Ohio governor opposes anti-vaccination bill after conspiracy theorists claim vaccines “magnetized” people

Governor Mike DeWine came out against a controversial bill that would weaken Ohio’s vaccination laws and provide more personal liberty, following false claims at a hearing on the bill that the coronavirus vaccine was “magnetic”. attracted.

On Thursday, Devin said he opposes house bill 248 and asked Ohioans to think about the impact of vaccines on society.

“Before modern medicine, diseases like mumps, polio, whooping cough were common and cause big, big, great suffering and death to thousands of people every single year,” Devin said during a news conference. Latest Wax-A-Million Winner.

Hearing on House Bill 248 caught the nation’s attention As advocates have spread misinformation and conspiracies. The testimony of Dr. Sherri Tenpenny of Middleburg Heights in Cuyahoga County and nurse Joanna Overholt of Strongsville drew ridicule and mockery on Twitter and landed in the national press including the Washington Post, CNN and Forbes.

“I’m sure you’ve seen pictures of people on the internet who’ve had these shots and are now magnetized,” Tenpenny said in the hearing. “You can put the key on their forehead, it sticks. You can put spoons and forks around and they stick because now we think there’s a piece of metal in it.”

That claim is false.

Ohio House Speaker Bob Cupp, R-Lima, defended the decision to give a platform to those spreading misinformation. When asked about Tenpenny, Cupp said, “Things like this are aberrations. Most people who come to testify provide very valuable information to the committee as they deliberate on proposed legislation.”

Fact check: COVID-19 vaccines do not cause a magnetic reaction or contain tracking devices

House Bill 248 would be:

  • Prevent employers from making vaccination mandatory as a condition of employment.
  • Allow Ohioans to skip any vaccinations by making a written or oral declaration and requiring health districts, schools or other government agencies to tell Ohioans how they can opt out.
  • Schools are required to explicitly tell parents of existing legislation that allows them to skip childhood vaccinations because of medical, religious or “conscience reasons.”
  • Prohibiting non-vaccinated people from forcing them to wear masks, moving to isolated areas or facing other penalties.
  • Allow civil lawsuits for bill violations.
  • Prevent health departments, schools or other government agencies from mandating participation in the Vaccine Registry.
  • Repeal the requirement for college students to be vaccinated against hepatitis B and meningitis before they are allowed to stay in hostels.
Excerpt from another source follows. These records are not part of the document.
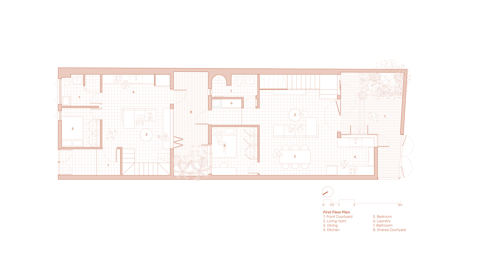 Terracotta Breath của live out studio là một ngôi nhà đa thế hệ thanh lịch nhưng khiêm tốn, nằm lặng lẽ trong một con hẻm nhỏ ở Đà Nẵng, Việt Nam. Được thiết kế cho hai hộ gia đình – nhà của bố mẹ ở phía trước và nhà của con gái ở phía sau – dự án nằm trên một khu đất đô thị khiêm tốn 7×22 mét. Giữa hai ngôi nhà, một khoảng sân nhỏ trồng cây vừa là ranh giới vừa là điểm kết nối: một không gian chung mang hơi thở cuộc sống, ánh sáng ban ngày và cộng đồng thân thiện vào cuộc sống thường nhật.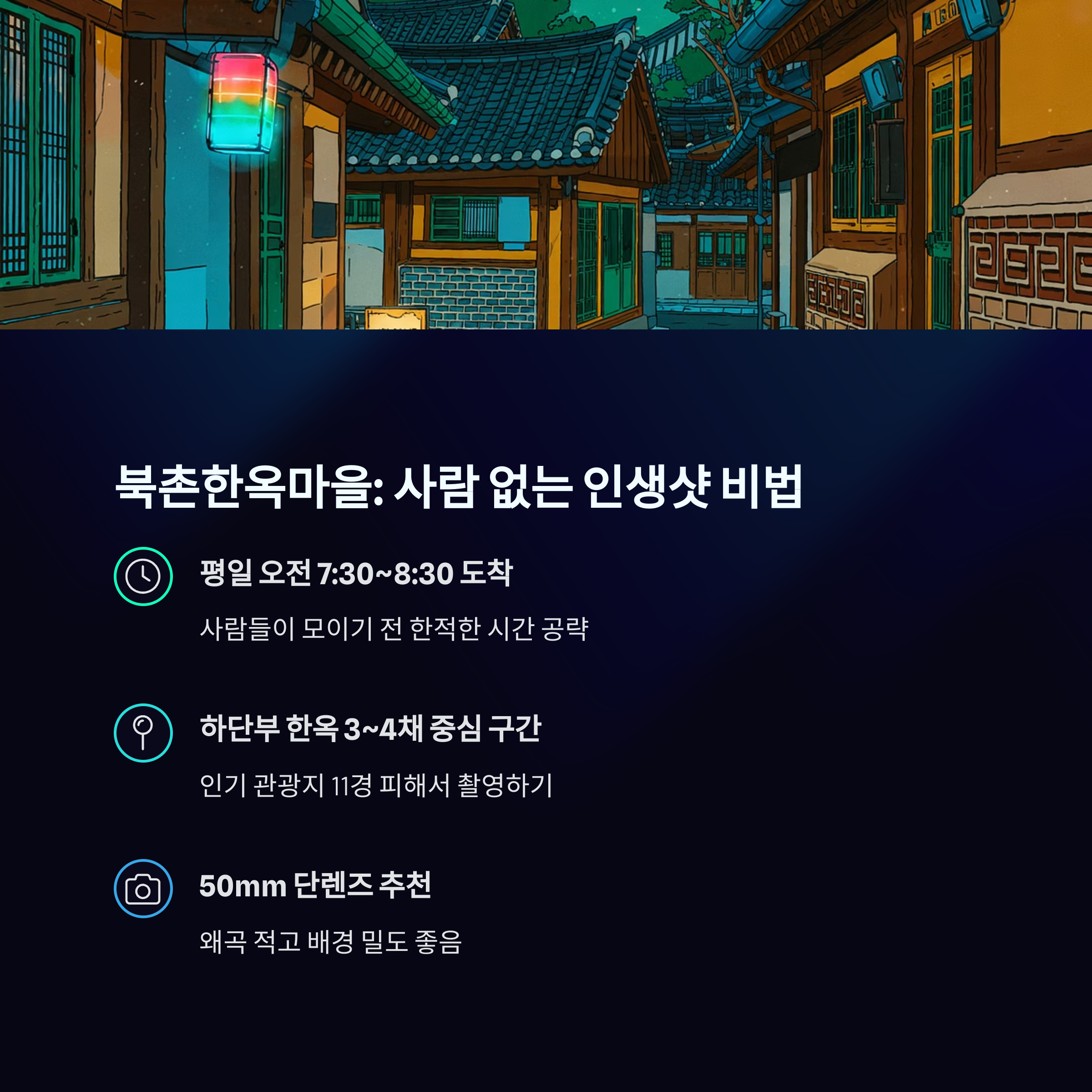 | 북촌한옥마을 | 가장 정통, 유명 | 한옥 사이 골목, 창문 셔터샷 | 오전 9시 전 |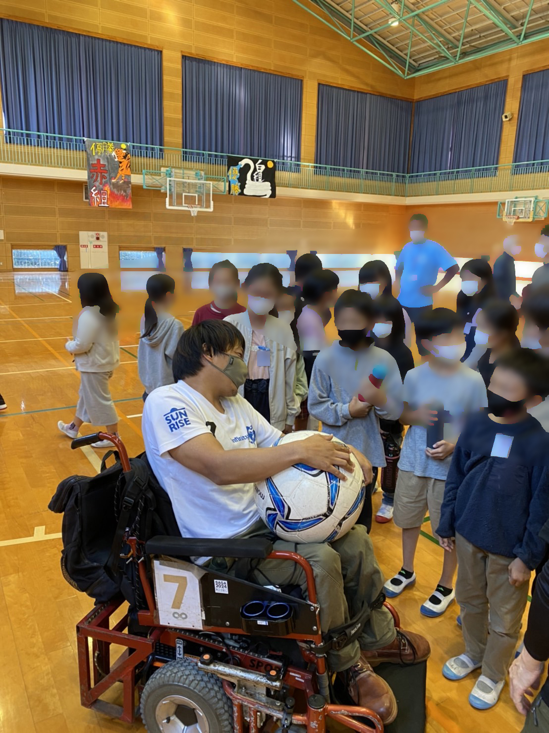 先日スポーツ協会から依頼を受けまして、諸富南小学校での講話をしてきました。講話自体はパラスポーツを通して、障がい当事者の理解にも繋がるようなそんな授業でした。主の目的は「ボッチャ・ゴールボール」を体験しようということでしたが、教会の計らいで、電動車いすサッカーも宣伝しよう!ということで、チームメイトが簡単な説明をして、私がパフォーマーとして、生徒にパスを出したり、回転キックをしてみたり、コーンを置いてその間にシュートをしてみたりとしていました。ゴールに上手く入ると拍手! すごく自然に歓声も聞こえたのが嬉しかったな。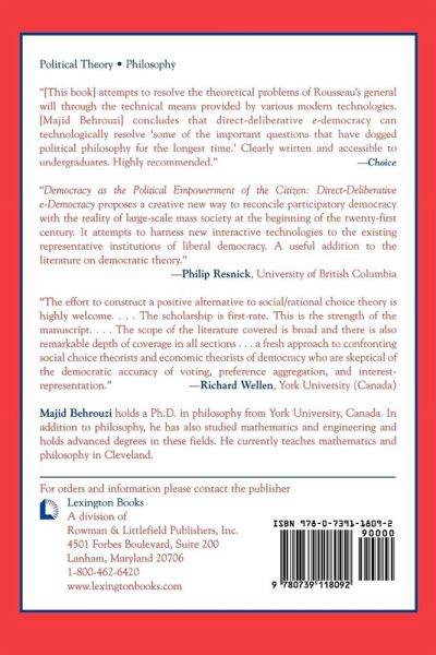 This book, along with its companion volume, Democracy as the Political Empowerment of the People, relates the democratic potential of the latest electronic technologies to the idea of direct-participatory democracy. Having clarified the original meaning of the idea of democracy, this volume proceeds to develop a new theory of democracy, 'Direct-Deliberative e-Democracy.'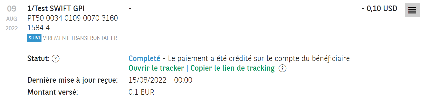 - Transparence : vous disposez à tout moment du statut le plus récent, basé sur les informations que BNP Paribas Fortis reçoit de SWIFT.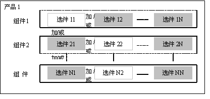 產(chǎn)品是由多個(gè)組件組成的,而組件則由多個(gè)選件組成。組件可以是有形的(如電腦硬盤)也可以是無(wú)形的(如保修期),產(chǎn)品,組件與選件的關(guān)系可以由圖6、2、2來說明。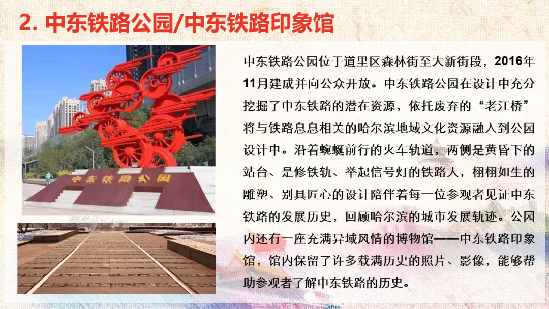 随后,张涵涵同志带领大家了解了中东铁路公园及中东铁路印象馆。中东铁路公园是由中东铁路的历史遗迹改建而成,园内保存了多处历史建筑,展示了这条铁路在中国近现代史上的重要地位。中东铁路印象馆则通过多媒体展览与历史文物,重现了中东铁路的修建历程及其对中国东北地区发展的深远影响。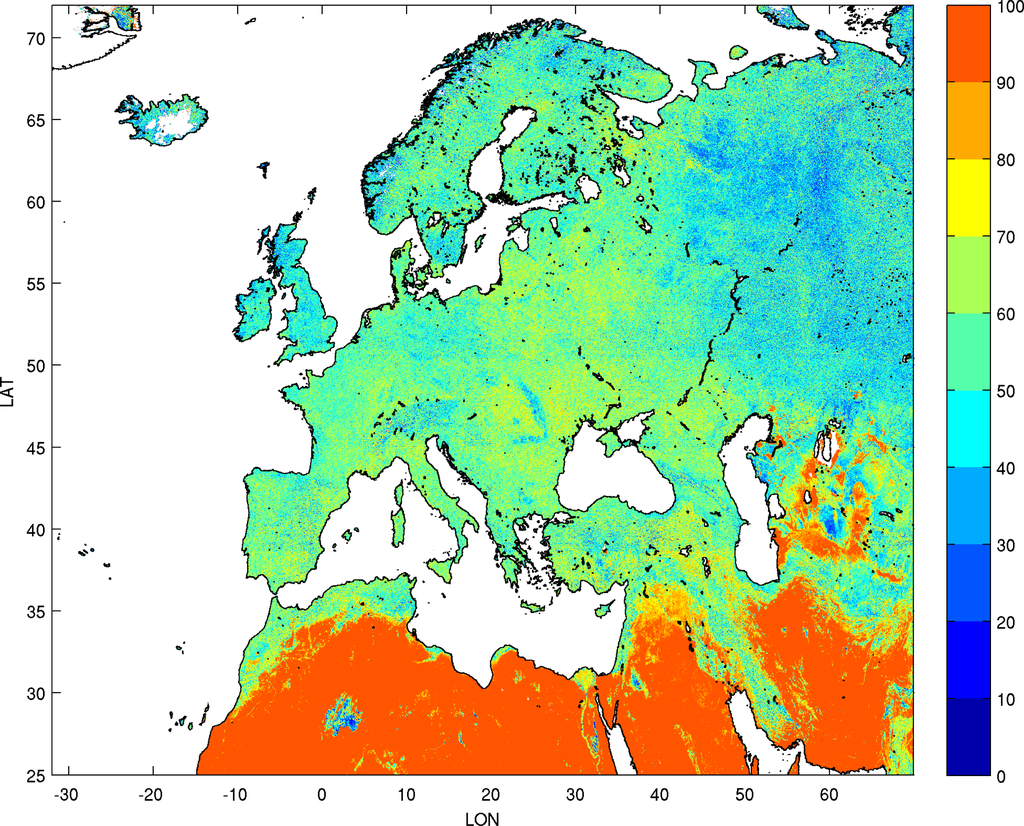 The analysis of the 2002–2004 period, where concurrent observations from SeaWiFS and MERIS are available, reveals a slight discrepancy between FAPAR records. Figure 1 displays the percentage of spatial distribution of the coherency between the SeaWiFS and MERIS FAPAR products, estimated as the percentage of cases when the difference between these products does not exceed the sum of their respective temporal standard deviations. About 4% of the study area over Europe, mostly in the eastern part, is characterized by relatively frequent deviations between the two products. This is probably due to remaining cloud/cloud shadow contamination. The main result is that FAPAR observations from both sensor products agree, within their temporal standard deviation, over more than 60% of the land surfaces, 50% of the time.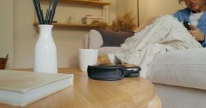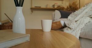 Cropped video of Black woman drinking coffee while sitting on couch in living room at home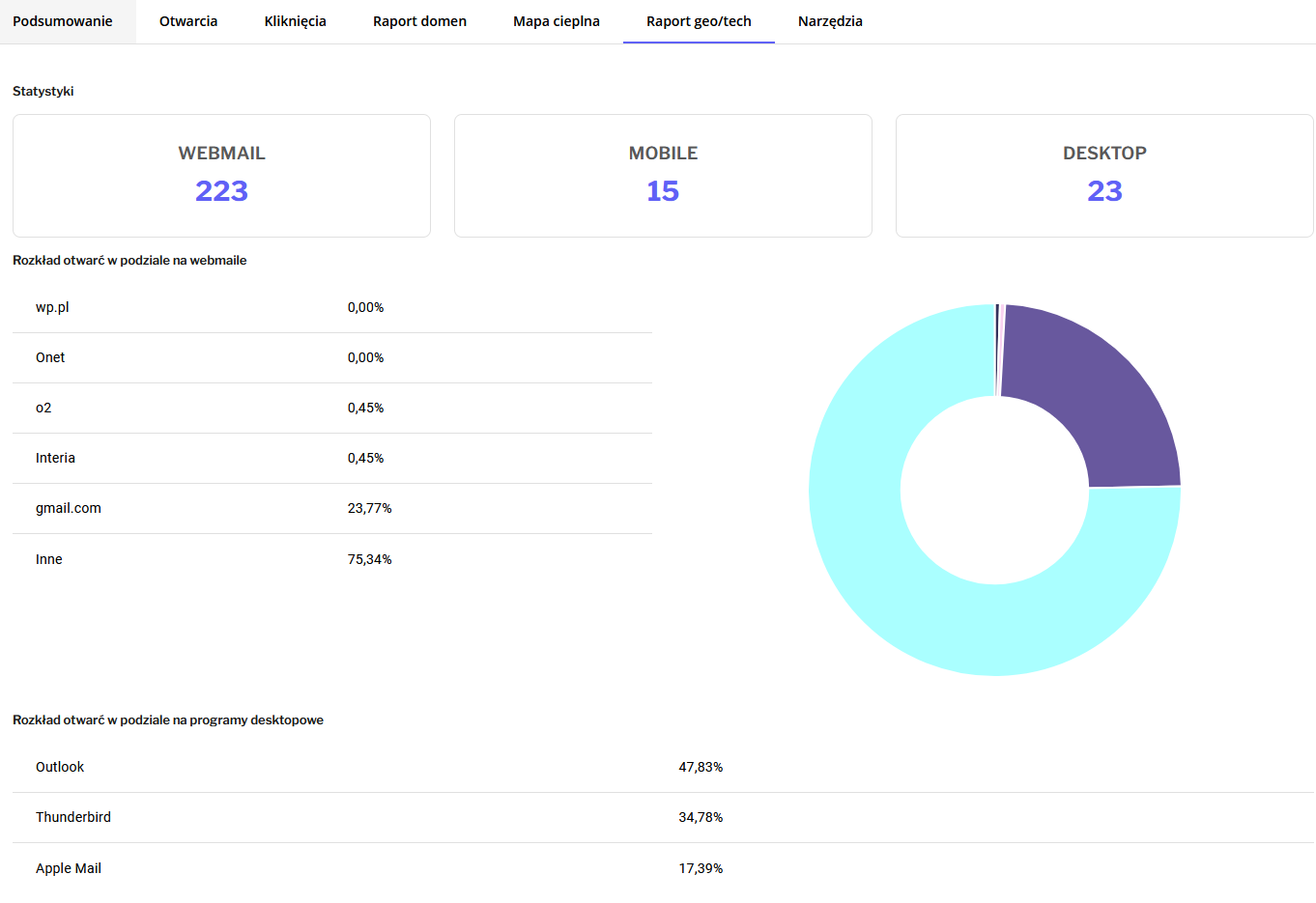 Raport geo/tech: Poznaj preferencje sprzętowe swojej bazy. Sprawdzisz tu statystyki otwarć z podziałem na środowiska (Webmail, Mobile, Desktop) oraz przybliżone lokalizacje (Miasta i Kraje).

While Devin has advocated for vaccines, he has stopped short of calling for Ohio to remove the “causes of conscience” exemption from state law. That catch-all exemption allows parents to skip childhood vaccinations for almost any reason.

“The current state law has worked very well, quite frankly,” Cupp said.

Yellow Springs News Published A photograph of Devine in April 1955 Getting your polio vaccine as a second grader.

“Polio struck fear, absolute panic in parents. People changed their behavior with their children. Their desire to go to ball games or swimming pools with their children in the heat. People were scared. Polio eradicated Gone,” said Devin.

State Representative Beth Liston, D-Dublin, who is a medical doctor and holds a PhD in public health, said HB 248 is a dangerous bill that causes more death and disease.

“Not only will this prevent schools, businesses and communities from speeding up COVID-related safeguards, it will affect the health of our children,” she has said. “This bill applies to all vaccines – polio, measles, meningitis, etc. If this becomes law we will see outbreaks of measles, meningitis in dorms, and children suffering from polio once again.”